Why stop there, have an Eclipse class destroy the Battlecruiser with said cruisers own idiom of WMG.

Winterwind
2010-12-09, 09:36 AM
I think when the OP wrote "Vader's Star Destroyer", he was referring to the destroyer Vader commandeered at the beginning of A New Hope, not the (not yet finished) Executor. He spoke of a Star Destroyer, not a Super Star Destroyer, after all.

warty goblin
2010-12-09, 09:36 AM
That was because the old Behemoth-class battlecruisers had all their guns on the front. The enemy ship was trying to board them from the side; deploying a siege tank in the cargo hold allowed it to fire from the side. The new Minotaur-class BCs have batteries all around.


It still indicates that a tank gun was an effective weapon against a battlecruiser, which is not a positive indication of defensive capability.

hamishspence
2010-12-09, 09:38 AM
Never mind the 11 mile long Eclipse- there's a 1 mile long modified Imperial-class Star Destroyer with a better weapon than that:

http://starwars.wikia.com/wiki/Conqueror_(superlaser)

Has destroyed a "small planetoid" and if you believe StarWars.com, capable of destroying a normal one.

druid91
2010-12-09, 09:58 AM
It still indicates that a tank gun was an effective weapon against a battlecruiser, which is not a positive indication of defensive capability.

What about the clone wars episode where the republic shot down the separatist fleet with ATTE's and clone troopers clinging to asteroids?:smalltongue:

That right there made me dislike that series. Before I thought it wasn't completely horrible. But that was just plain ridiculous.

Da'Shain
2010-12-09, 10:02 AM
I personally think that the battle cruiser would win.

My reasons
1-The battle cruiser has hundreds (Although in game seemingly only one) of extremely accurate cannons.
2-The battle cruiser has heavy shielding, and heavy plating. Meant to take hits in space.
3-The yamato cannon, which is meant to shred ships, utterly and finally.1. So does the Star Destroyer, in addition to at least 8 heavy turbolasers that are capable of pounding unshielded SW ships into dust with one or two hits.

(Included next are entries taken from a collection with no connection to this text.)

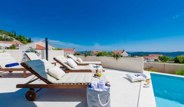 Die Luxusvilla Dubrovnik Blue Heart mit einem Pool, ist eine neue und moderne Villa zur Miete in der kleinen, ruhigen Küstenstadt Orašac. Es ist nur 11 km vom Zentrum der Altstadt von Dubrovnik und nur 750 m vom Meer und den Kiesstränden entfernt, was es zur perfekten Wahl für einen Urlaub macht.
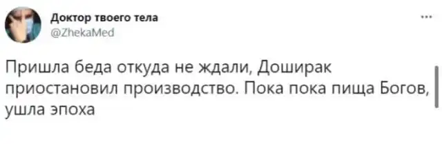 Первые новости о том, что любимая лапша быстрого приготовления "Доширак" перестала появляться на полках магазинов появилась в конце сентября. Никто не верил, но затем новости множились: "Доширак" отсутствовал в Рязани, Красноярске и других магазинах России. Стало известно, что производство остановили, поэтому ожидаются перебои с поставками. Пользователи испугались и стали шутить на эту тему.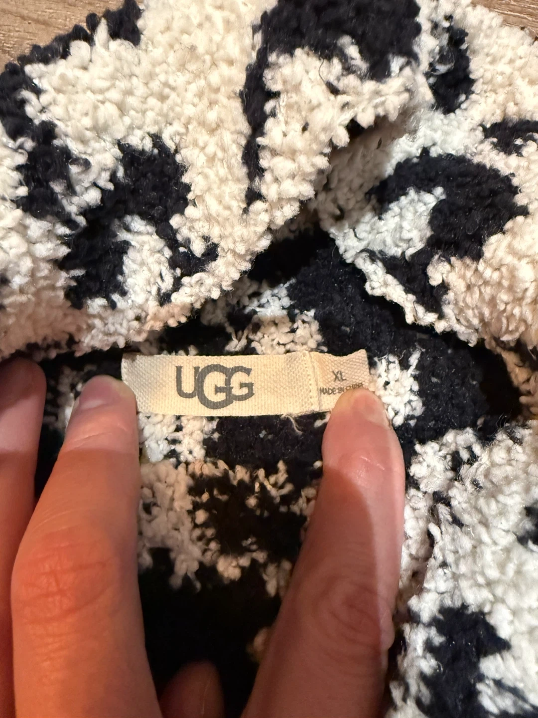 UGG women's leopard print fleece turtleneck sweater. Soft and cozy material for chilly days! Size XL. Made with 78% polyester and 22% nylon.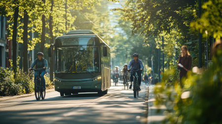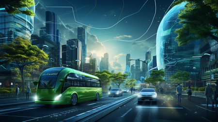 Autonomous eco-friendly shuttle bus self driving across city road. Smart futuristic vehicle concept. AI generated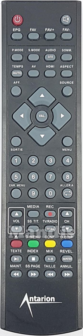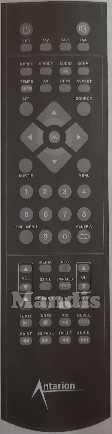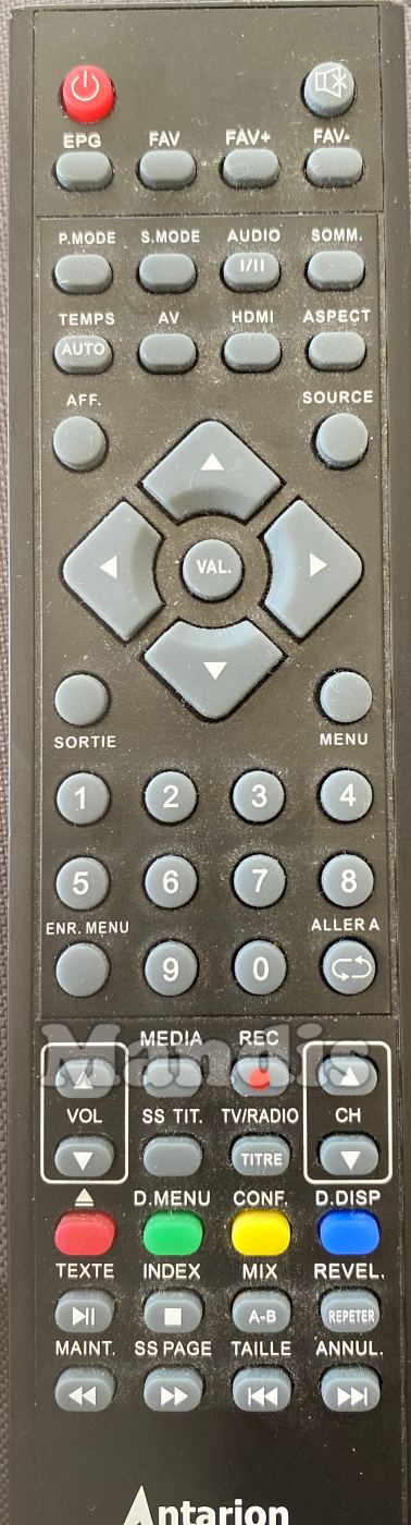 Power, Mute, EPG, FAV, FAV+, FAV-, P.Mode, S.Mode, Audio, Somm., Auto/Temps, AV, HDMI, Aspect, AFF., Source, Menu, Sortie, Up, Down, VAL., Right, Left, 1, 2, 3, 4, 5, 6, 7, 8, 9, 0, Enr. Menu, Aller a, Vol+, Vol-, CH+, CH-, Rec, Media, SS TIT., Tv/Radio, Red/Eject, D.Menu, Yellow/Conf, Blue/D.Disp, Play/PauseTexte, Stop/Index, A-B/Mix, Repeter/Revel., <</Maint., >>/SS Page, I<</Taille, >>I/Annul.

SD guns have also demonstrated an ability to vaporize large asteroids with single, low-power hits, where Battlecruisers seem to take multiple shots to take out even small armored targets (unless the novels state differently).
2. Er ... so is the Star Destroyer? It's the main ship of the line in a galaxy spanning Empire built for war. Not only is it built out of one of the strongest known shipbuilding materials in the galaxy (neutronium, I believe it was called, utilizing material from neutron stars in addition to the best mass-produced synthesized materials), but it's got energy shields as standard equipment that make its armor seem like an unnecessary addition.
3. The Yamato Cannon is a focused nuclear blast and is the strongest ability a BC has, taking seconds to charge up and minutes to recharge. Star Wars capital-ship shields take multiple blasts equal to or superior to nuclear blasts every minute in real combat, and the SD is one of the most powerful mass-produced ships.

hamishspence
2010-12-09, 10:06 AM
Not only is it built out of one of the strongest known shipbuilding materials in the galaxy (neutronium, I believe it was called, utilizing material from neutron stars in addition to the best mass-produced synthesized materials), but it's got energy shields as standard equipment that make its armor seem like an unnecessary addition.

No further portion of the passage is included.